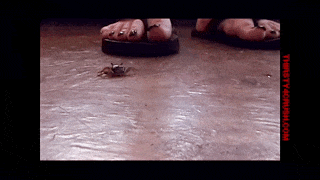 Nina has a bunch of small crawdads and she is ready to feel them crunch under her beautiful neon sandaled feet. she crushes them one by one with slow twist crushing them little by littleby little until the are mush under her feet.
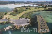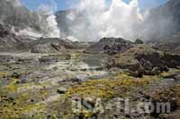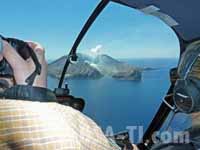 7. Tag: Rotorua Wir lassen den Tag langsam angehen. Leider konnte ich das Motel nicht nochmal verlängern, so dass wir unser Zimmer räumen und uns dann zum Frühstück aufmachen. Dank eines Telefonats vom Vortag nutzen wir den gesamten Vormittag, um unsere Zukunft zu diskutieren. Wir sind pünktlich beim Lake und am Stand von unserem Heli-Provider. Die Bude ist komplett überfüllt mit einem Rudel Chinesen, die sich lautstark unterhalten. Wir lernen unsere Pilotin kennen und erfahren zudem, dass wir mit dem kleinen Helikopter, einem 3-Sitzer unterwegs sein werden und nicht, wie gestern noch erfahen, im großen mit 2 weiteren Passagieren - super !!! Der Flug über and und Vulkane und dann noch übers Meer ist ein Erlebnis mit tollen Aussichten, der Höhepunkt bildet dann der Anflug auf White Island mit Landung. White Island ist eine Vulkaninsel, die noch immer sehr aktiv ist. Im 19. Jahrhundert wurde hier auf der Insel eine Schwefelmine installiert, die mehrmals geschlossen wurde um im 20. Jahrhundert bei einer Erruption alle Arbeiter umgekommen sind. Heute sind nur noch Ruinen übrig, die Zerstörung kommt aber nicht von der Eruption, sondern von den ständigen Schwefeldämpfen und der dadurch geförderten Korrosion.
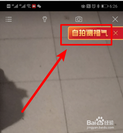 点击打开相机后,我们点击右上方自拍测福分的选项进入。
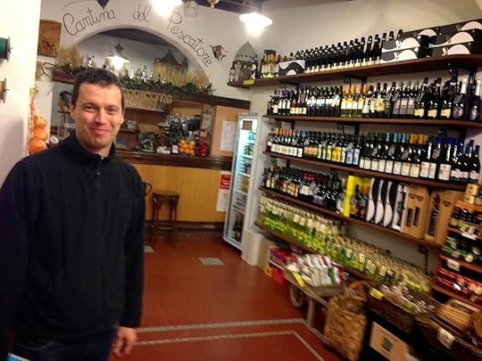 Our host. Bruce and I both wanted to marry him. Unfortunately his wife was behind the bar. I bought a package of risotto al limone from him to take home. So many people here look like faces from paintings - Giotto, Botticelli, Caravaggio.
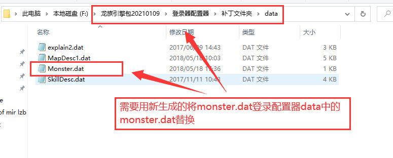 5)正常使用时,需将 服务端MirServer\Mir200\Envir\SmartMonster 文件夹下的Monster.dat 复制,替换登录器配置器\补丁文件夹\data文件夹
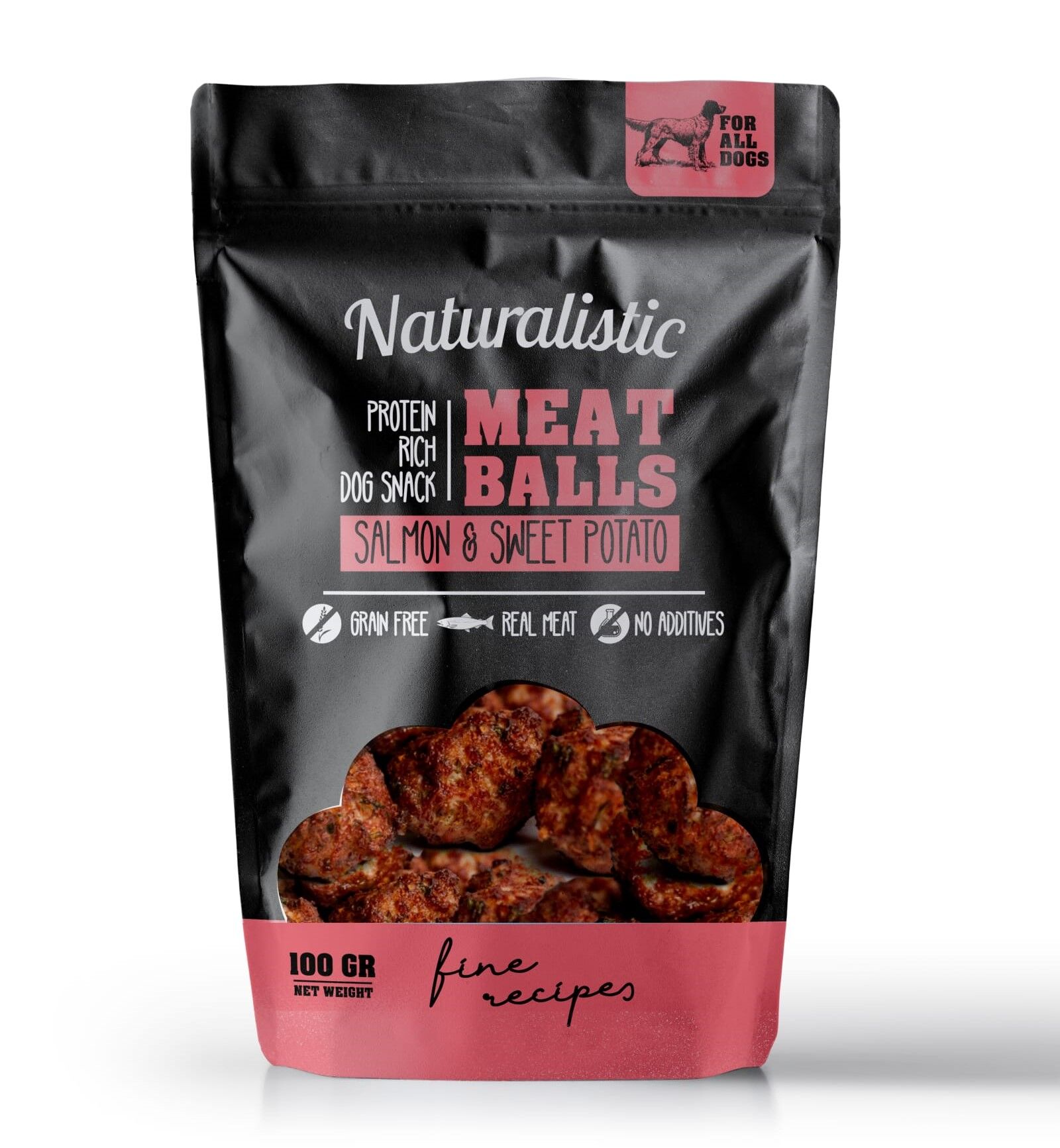 Naturalistic Meatballs Salmon and Sweet Potato, Snack para Perros, Albóndigas de Salmón y Camote, bolsa de 100 gr

········

● Problem details: Print exactly the lines from the one containing "点击打开相机后,我们点击右上方自拍测福分的选项进入。" through the last line of the records, both included, and leave out the pictures.

● Solution for this task:
 点击打开相机后,我们点击右上方自拍测福分的选项进入。
 Our host. Bruce and I both wanted to marry him. Unfortunately his wife was behind the bar. I bought a package of risotto al limone from him to take home. So many people here look like faces from paintings - Giotto, Botticelli, Caravaggio.
 5)正常使用时,需将 服务端MirServer\Mir200\Envir\SmartMonster 文件夹下的Monster.dat 复制,替换登录器配置器\补丁文件夹\data文件夹
 Naturalistic Meatballs Salmon and Sweet Potato, Snack para Perros, Albóndigas de Salmón y Camote, bolsa de 100 gr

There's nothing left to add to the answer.